Information shown:
........
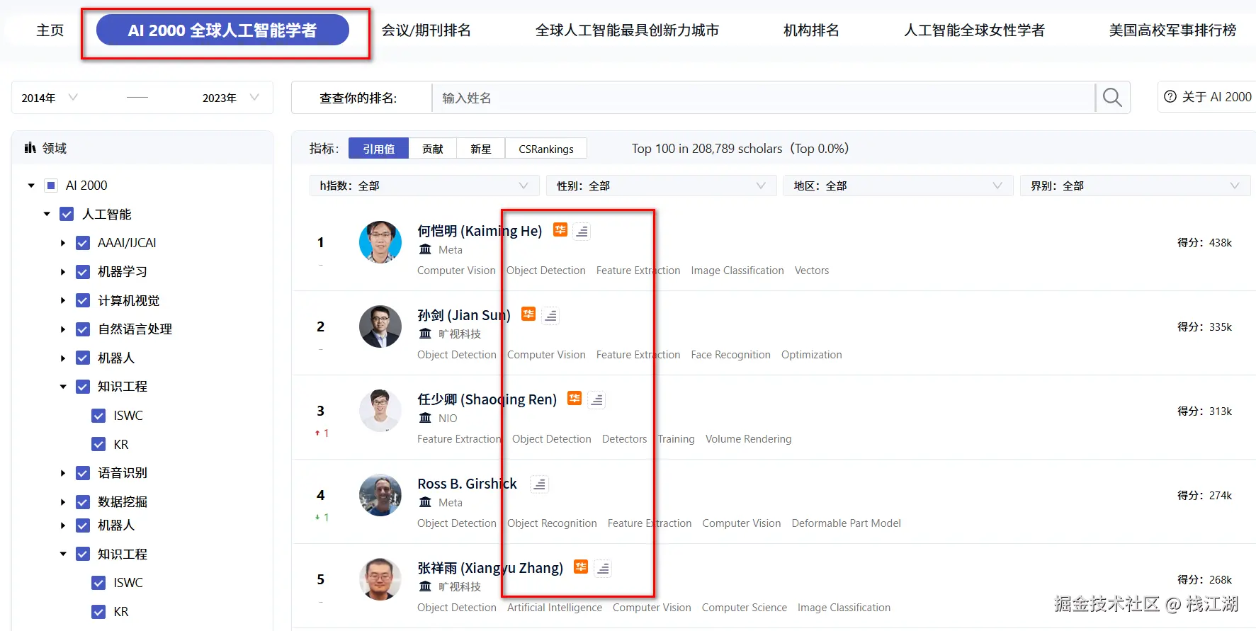 可以看到AI2000人工智能全球最具影响力学者榜单中top5就有4位是华人。
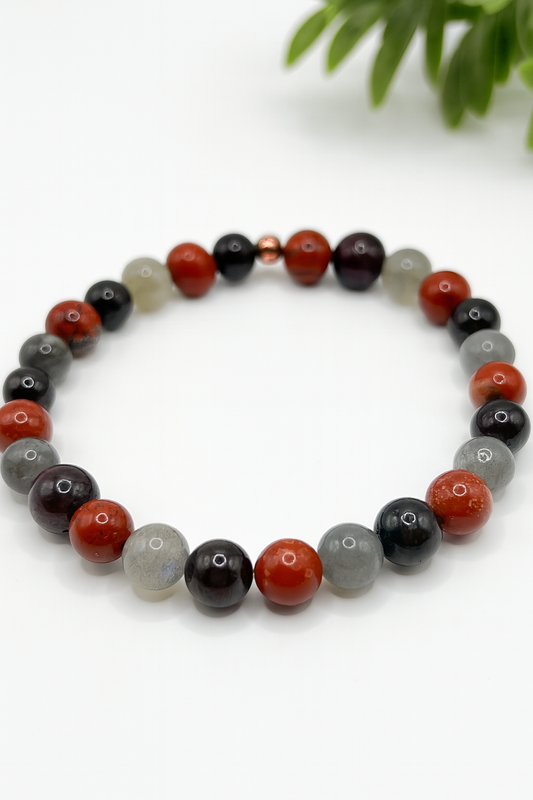 Bracelet Ancrage et Vitalité – Pierres Labradorite, Jaspe Rouge & Grenat
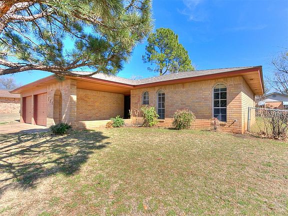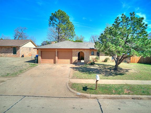 **Multiple offers. Highest and Best due Saturday, March 9th at 7pm**West Norman home priced under $200,000! This 3 bed 2 bath brick home built in 1974 would be a perfect starter home for a first-time home buyer! Out front is a covered concrete patio, suitable for enjoying your favorite beverage while watching the sunset on a banner Oklahoma evening. The roomy kitchen/dining room has plenty of cabinet space, painted cabinets and tiled floors. The wall between the kitchen and living room has arched openings which gives it an open-concept feel. The living room has beautiful engineered hardwood flooring, vaulted ceilings with wood beams, and a gas fireplace between two painted built-in book cases. Off the living room is a sliding glass door leading to the partially-covered back patio and backyard. The laundry is setup between the 2-car garage and kitchen. The primary bedroom has new laminate flooring and an en suite primary bathroom with a shower. The secondary bedrooms also have new laminate flooring. The hall bath has a tub/shower combo with recessed lighting, and recessed lighting in the hallway and entryway as well. New roof in 2022, new AC and heat system in 2022, and new sewer line installed in the house in 2021. On the South side of the neighborhood is Cherry Creek Park, and the home has easy access to I-35, Sooner Mall, Brookhaven Village and University North Park shopping.
........
Aim of the task:
Only the words belong in your copy: restate the data above exactly and leave the images out.

Output of the exercise:
 可以看到AI2000人工智能全球最具影响力学者榜单中top5就有4位是华人。
 Bracelet Ancrage et Vitalité – Pierres Labradorite, Jaspe Rouge & Grenat
 **Multiple offers. Highest and Best due Saturday, March 9th at 7pm**West Norman home priced under $200,000! This 3 bed 2 bath brick home built in 1974 would be a perfect starter home for a first-time home buyer! Out front is a covered concrete patio, suitable for enjoying your favorite beverage while watching the sunset on a banner Oklahoma evening. The roomy kitchen/dining room has plenty of cabinet space, painted cabinets and tiled floors. The wall between the kitchen and living room has arched openings which gives it an open-concept feel. The living room has beautiful engineered hardwood flooring, vaulted ceilings with wood beams, and a gas fireplace between two painted built-in book cases. Off the living room is a sliding glass door leading to the partially-covered back patio and backyard. The laundry is setup between the 2-car garage and kitchen. The primary bedroom has new laminate flooring and an en suite primary bathroom with a shower. The secondary bedrooms also have new laminate flooring. The hall bath has a tub/shower combo with recessed lighting, and recessed lighting in the hallway and entryway as well. New roof in 2022, new AC and heat system in 2022, and new sewer line installed in the house in 2021. On the South side of the neighborhood is Cherry Creek Park, and the home has easy access to I-35, Sooner Mall, Brookhaven Village and University North Park shopping.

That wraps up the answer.